Field of the Invention
The present invention relates to a method for generating a combined projection image (SM) from a medical inspection object and an imaging device for generating a combined projection image (SM) from a medical inspection object.
Computed tomography (CT), usually X-ray computed tomography, is a widely-used medical diagnostic tool, which allows the generation of tomographic images or slices of an area of interest in a patient. Radiologists often prefer using thick slab or thick-slice volume for diagnostic and screening reading. For example, 5.0 mm slabs are often used for clinical reading and data storage in thoracic CT, although thin, high resolution 0.5 mm slabs are available and used for computer applications such as three-dimensional volume rendering and computer aided diagnosis algorithms.

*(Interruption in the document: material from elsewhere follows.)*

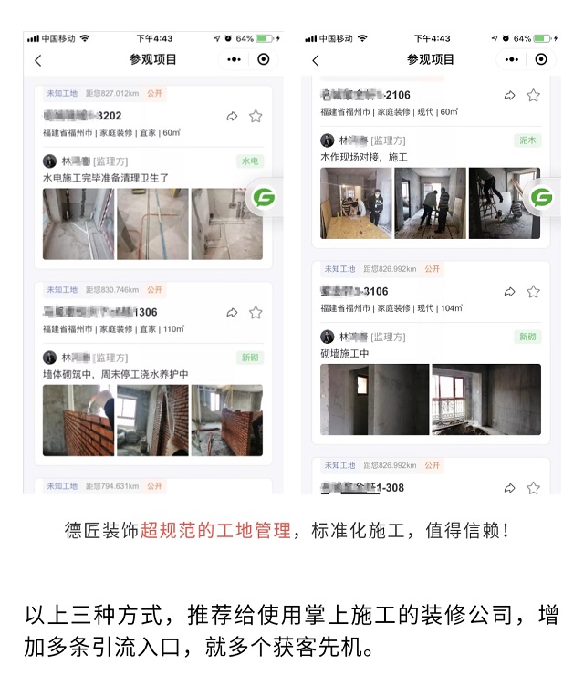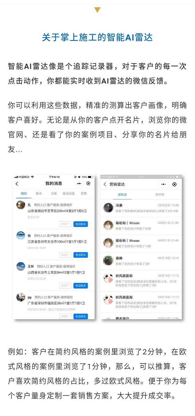 官網(wǎng)的最大用處,是讓客戶看到全方位的情況,裝修業(yè)務(wù)類型、案例精選、設(shè)計(jì)團(tuán)隊(duì)、裝修保障等,但在公司的角度,還是希望官網(wǎng)不止是一個“被看”的網(wǎng)頁,更多還是實(shí)實(shí)在在的獲客。所以,把掌上施工的工地、聯(lián)系人名片、海報(bào)二維碼等,通過無縫銜接到官網(wǎng)里,客戶一掃碼,贏得跟客戶聯(lián)系的主動權(quán),業(yè)務(wù)就這么來了~

It is relatively easy to compute 3.0-5.0 mm slabs in thoracic CT images without losing diagnostically relevant information, for example by applying methods such as Average Intensity Projection (AIP) or Maximum Intensity Projection (MIP). The slab thickness is related to the combined thickness of the original slices in the volume. Generally, a slab is rendered as a two-dimensional image, so that the image can be printed or viewed on a computer screen.
In Digital Breast Tomosynthesis (DBT) data volumes are often reconstructed at a higher resolution, for example at a resolution of 85 microns for a slice thickness of 1.0 mm. Such a high-resolution volume allows visualization of the fine clinical details required for accurate medical diagnosis of breast cancer, for example microcalcifications of only 100 microns in size, very fine spiculations of masses, etc. A correct depiction of microcalcification morphology and spiculations is critical for the radiologist in order to be able to differentiate between benign and malignant lesions in breast tissue. This means that the amount of data in DBT volumes is very large. For example, the total volume of data for a single patient (e.g. including two DBT views and projection images) can exceed one gigabyte. The large data volume complicates data transfer and increases radiologist workload.
Another reason for generating slabs from the initial data is that a radiologist often needs to evaluate the distribution of an entire cluster of calcifications embedded in the surrounding tissue, including any masses and architectural distortions in that region.
In breast tissue, a lesion can often extend over 10.0 mm or more, and can extend in any random direction. Therefore, in order to be able to perform such an evaluation, a radiologist should be provided with very thick slabs, i.e. slabs with a thickness in excess of 10.0 mm. In some cases, it might be desirable to perform such an evaluation over the total volume (essentially the whole volume collapsed into a single slab). In the context of DBT such a single slab has also been called synthetic mammogram (SM) due to its similarity to conventional 2D mammograms.